Plusieurs fois, devant ces splendides illustrations, j'ai senti dans mon dos, sur mes bras, sur ma nuque, le frisson. Par vagues. Vagues d'indignation, d'espoir de feu et d'or, de tristesse. La Commune est cette tâche innefable sur notre histoire. Cette ultime trahison qui crée la brèche si profonde entre ce qui fait peuple, et ce qui ne le fait pas. Entre la naïveté d'une Internationale ouvrière fictive ou fantasmée, et une internationale bien réelle : celle des patrons, celle des rentiers, celle de ceux qui ne font rien d'autres que d'exploiter.

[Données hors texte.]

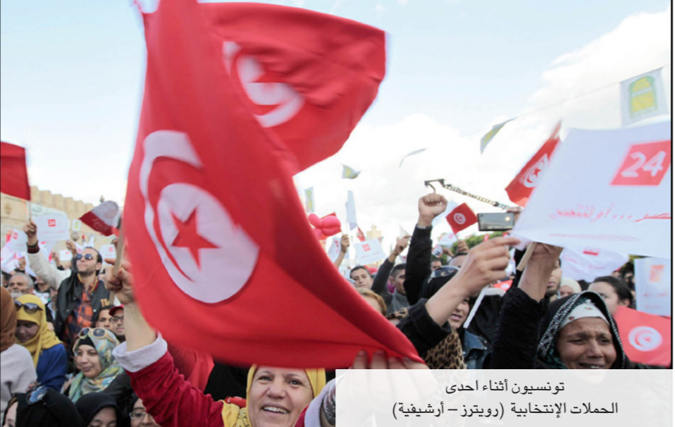
تونسيون أثناء إحدى الحملات الانتخابية

ازداد واقع أقصى اليسار التونسي غموضا في الأيام الماضية، إذ تركز الشثت داخله خصوصا بعد إعلان عدد من مناضليه وخاصة المستقلين وبعض أحزابه وتنظيماته وائتلافاته، موقفهم النهائي من دعم أي من المرشحين (السبسي - المرزوقي)، وهو ما حدا بالمتابعين إلى التساؤل حول ترتيبات ذلك على مستقبل مكونات أقصى اليسار. وهل يُمكن لها تجاوز حالة التشرذم والانقسام التي تركزت منذ أسابيع، وهل يمكن اعتماد إستراتيجية مستقبلية تتسم بواقعية وفاعلية في التفكير، وهل يمكن لأحزاب اليسارية توخي أساليب جديدة لتجديدها بُنيتها خلال الخمس السنوات القادمة أو ستعتمد للمسقوط في سيناريو 1988. الاتحاد من أجل تونس: التحالف انتهى والمكونات تدعم السبسي وهو التحالف اليساري الذي قارب على نهايته أو بالأحرى قبر فعلياً منذ خوض النداء للانتخابات التشريعية بقوامه الحزبية، ويتشكل الاتحاد حاليا من حزب العمل الوطني الديمقراطي و«حزب المسار» وبعض اليساريين المستقلين وبعض المستقلين من نداء تونس في الصائفة الماضية، ولم يحصل أي مقعد نيابي، وتساند قياداته السبسي وتتسابق لرضائه وتطلع لتشريكها بصيغ مختلفة في الحكومة القادمة، وقد علمت «القدس العربي» أن حزب المسار قدم مقترحات عملية لتشريكه في الحكومة القادمة كما عقد عبد الرزاق الهامي جلسة خاصة وسط الأسبوع الماضي مع الباجي للغرض نفسه. الجبهة الشعبية: ارتباك وتردد وغموض مستقبلي تعتبر الجبهة عمليا أكبر التحالفات اليسارية في الساحة السياسية سواء من حيث عدد المكونات أو من حيث حضورها الإعلامي والسياسي أو من خلال علاقاتها
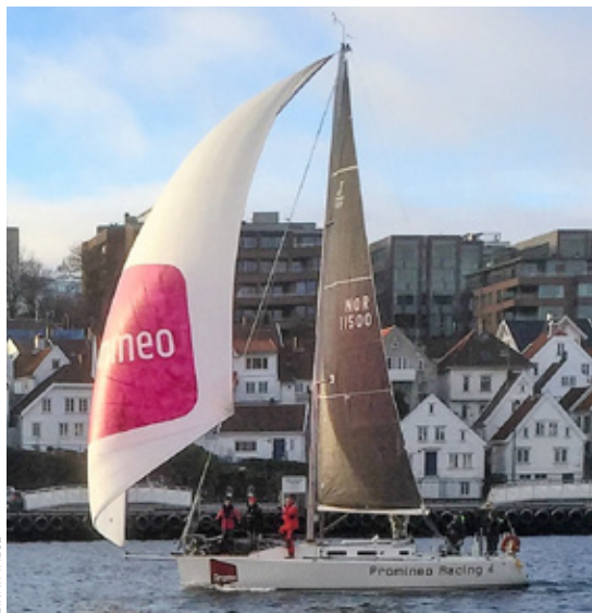
NOR RATING-VINNER: «Promineo Racing» (J/109) seilte meget bra gjennom hele regattaen, gikk først over mål og vant regatta-klassen med god margin.

Det ble i alle fall virkelig en fin dag på fjorden for alle som var med, både som deltakere og funksjonærer. Velkommen til Nyttårsseilas i 2020!
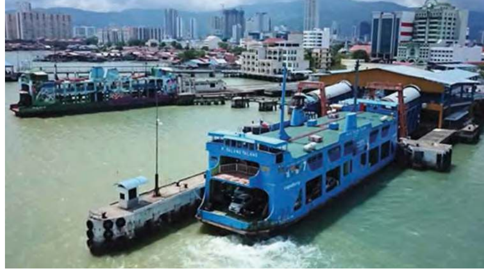
பிணங்கு மாநில பயணப் படகு துறைமுகம். (மூலம்: இணையதளம்)

ஜார்ச்டவுன் - மாநில அரசு புதிய பயணப் படகு சேவை மேம்படுத்துவதற்கும் இயக்குவதற்கும் ஒட்டுமொத்த திட்டமிடல் திட்டம் குறித்து போக்குவரத்து அமைச்சின் (எம்.ஒ.தி) முழு அறிக்கைக்காக இன்னும் காத்திருக்கிறது.
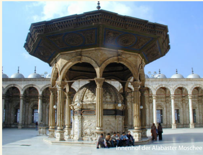
Innenhof der Alabaster Moschee

Wir beginnen unsere Besichtigungen heute mit dem Ägyptischen Museum im bekannten Tahrir Platz . Wer schon einmal in Kairo war, hat dieses Museum sicher schon einmal be-
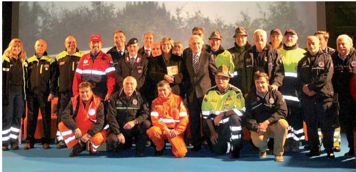
Gruppo dei volontari premiati dalla Regione

vorare in sinergia con altre realtà regionali. «Abbiamo celebrato oggi non solo l'apoteosi del "buon cuore" e della solidarietà sociale - ha dichiarato l'assessore regionale alla Protezione Civile, Luigi Ricca -, ma anche l'aspetto del volontariato organizzato ed efficiente, che è frutto di formazione ed aggiornamento continuo, che è sostenuto da dotazioni di mezzi
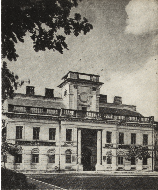
Ryc. 240. Ratusz w Łowiczu. Stan w r. 1955.

Zamki, pałace i dwory. Ukończono odbudowę i rekonstrukcję renesansowego pałacu w Poddębicach. W latach 1951—52 wykonano stropy ogniotrwałe, wzmocniono konstrukcję murów, wymieniono całkowicie wiązanie dachowe oraz zmieniono pokrycie dając w zamian blachy dachówkę ceramiczną. W roku 1953 przystąpiono do rekonstrukcji fasady po-
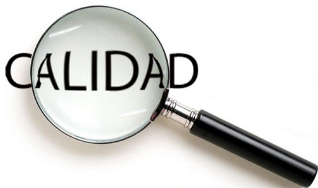
Imagen tomada en línea por este programa de diseño.

Mediante este sistema el Poder Judicial del país, como parte de la Red Iberoamericana para una Justicia de Calidad, continuará fomentando la investigación, el desarrollo y la innovación en los procesos y procedimientos administrativos y de gerencia de los Despachos Judiciales, con miras a posicionar este sistema en los ámbitos nacional e internacional, eso sí, con los más altos estándares de excelencia.
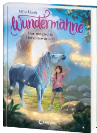
Wundermähne (Band 7) - Der magische Herzenswunsch Hardcover
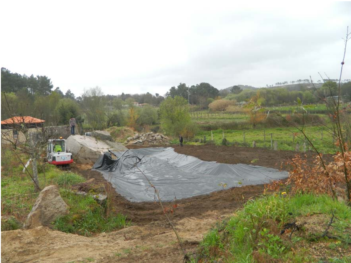
06-03-2013 Colocação da tela impermeabilizante no lago naturalizado
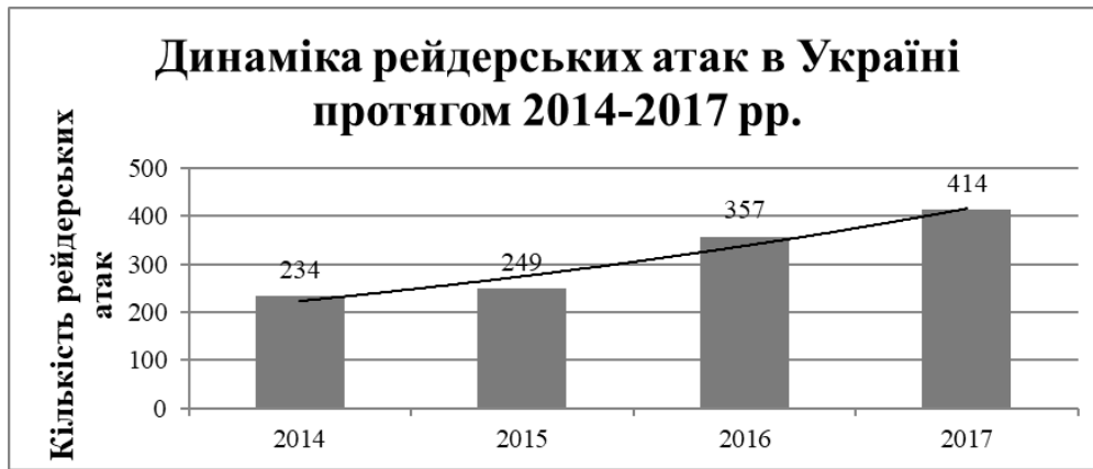
Рис. 2. Динаміка рейдерських атак в Україні 2014-2017 рр., шт. [зроблено авторами на основі [9]]

Згідно наведених даних, менше 1 % справ направляються до суду, а більшість закривається за відсутністю складу кримінального правопорушення. Правоохоронці намагаються уникати розслідування господарських справ, тому більшість випадків рейдерства переходить у господарську юрисдикцію. Це говорить про некваліфіковану роботу сторони обвинувачення по збору доказів, коли адвокати рейдерів успішно

La Commune. Espoir si vaste dans un territoire si clos. Versailles, trahison si éclatante pour une république si espérée, si trahie, hier comme aujourd'hui.
Non, le sang des damnés n'est pas encore sec. Il ne peut l'être tout à fait quand, trempée dans lui, habité par lui, un tel documentaire nous est offert. Images fixes pendant 90 minutes. Fixité et pourtant présence permanente de ce mouvement qui conduit ces moblos de la guerre à la défaite, de la défaite au sursaut, du sursaut à l'apathie, et de l'apathie à la Révolution. Fines gravures, oeil luisant, drapeau noir et blanc, où le rouge suinte. Depuis longtemps, il imprègne le sable sous les pavés. Depuis longtemps, il caille dans l'oubli des vainqueurs. Depuis longtemps il est inconvenant, comme une nudité publique. Voir ce rouge sans le voir, c'est peut-être le meilleur point de ce documentaire, et le véritable message de notre siècle. Voir la couleur où elle n'est pas, voir l'espoir où il ne peut être, voir un avenir meilleur dans une époque si sombre. Espérer à l'âge du désespoir.
Elle vit toujours. Merci Arte.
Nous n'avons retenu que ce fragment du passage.